VCKO Framework

Verifiable Clinical Knowledge Object — A collaborative framework for privacy-preserving, Byzantine-robust multi-centre clinical prediction without shared infrastructure.

Patent Notice

This project is covered by a filed patent application. Application number: 202610687276.4.

The Problem

Multi-centre clinical prediction requires exchanging predictive knowledge between institutions without sharing patient data. Existing approaches each fall short:

• Meta-analysis lacks formal privacy guarantees and cannot detect computation fraud
• Federated learning requires multi-round infrastructure and leaks information through gradients
• Neither defends against malicious participants who submit poisoned model updates

The VCKO Approach

VCKO reframes the question: instead of asking "how to train collaboratively", it asks "what knowledge object should institutions exchange?"
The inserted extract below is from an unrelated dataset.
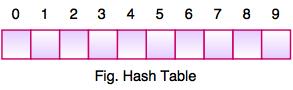 - The above figure shows the hash table with the size of n = 10. Each position of the hash table is called as Slot. In the above hash table, there are n slots in the table, names = {0, 1, 2, 3, 4, 5, 6, 7, 8, 9}. Slot 0, slot 1, slot 2 and so on. Hash table contains no items, so every slot is empty.

Each centre fits a regularised logistic regression locally and packages the coefficients, per-coefficient standard errors (from the observed Fisher information), and a first-order optimality certificate into a JSON artifact of approximately 800 bytes. The receiving centre aggregates objects via inverse-variance (Fisher) weighting, which is provably equivalent to the one-shot distributed MLE.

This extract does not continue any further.